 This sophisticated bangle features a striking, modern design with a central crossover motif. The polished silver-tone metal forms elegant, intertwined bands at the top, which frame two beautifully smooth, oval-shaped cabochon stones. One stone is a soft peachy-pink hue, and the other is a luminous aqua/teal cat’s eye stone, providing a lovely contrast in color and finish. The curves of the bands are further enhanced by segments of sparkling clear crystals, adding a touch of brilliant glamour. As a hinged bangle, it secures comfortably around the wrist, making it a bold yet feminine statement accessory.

--

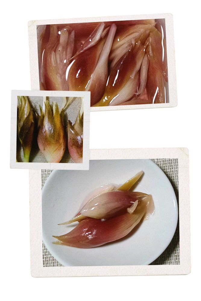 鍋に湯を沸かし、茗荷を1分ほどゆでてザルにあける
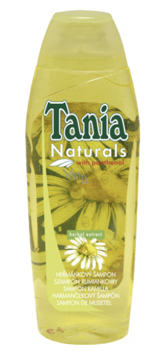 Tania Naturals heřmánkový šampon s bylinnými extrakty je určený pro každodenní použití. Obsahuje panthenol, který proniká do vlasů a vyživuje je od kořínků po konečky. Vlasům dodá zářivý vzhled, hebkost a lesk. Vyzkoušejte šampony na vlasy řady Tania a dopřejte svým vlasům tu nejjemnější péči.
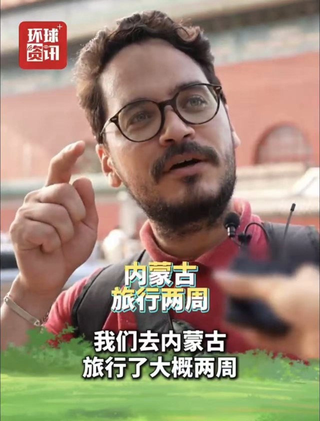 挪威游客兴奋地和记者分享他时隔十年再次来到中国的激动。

DIRECTIONS FOR THIS TASK — Using the entries above, transcribe exactly from the line that has "鍋に湯を沸かし、茗荷を1分ほどゆでてザルにあける" through the line that has "挪威游客兴奋地和记者分享他时隔十年再次来到中国的激动。". Pictures are dropped.

SOLUTION TO THE EXERCISE —
 鍋に湯を沸かし、茗荷を1分ほどゆでてザルにあける
 Tania Naturals heřmánkový šampon s bylinnými extrakty je určený pro každodenní použití. Obsahuje panthenol, který proniká do vlasů a vyživuje je od kořínků po konečky. Vlasům dodá zářivý vzhled, hebkost a lesk. Vyzkoušejte šampony na vlasy řady Tania a dopřejte svým vlasům tu nejjemnější péči.
 挪威游客兴奋地和记者分享他时隔十年再次来到中国的激动。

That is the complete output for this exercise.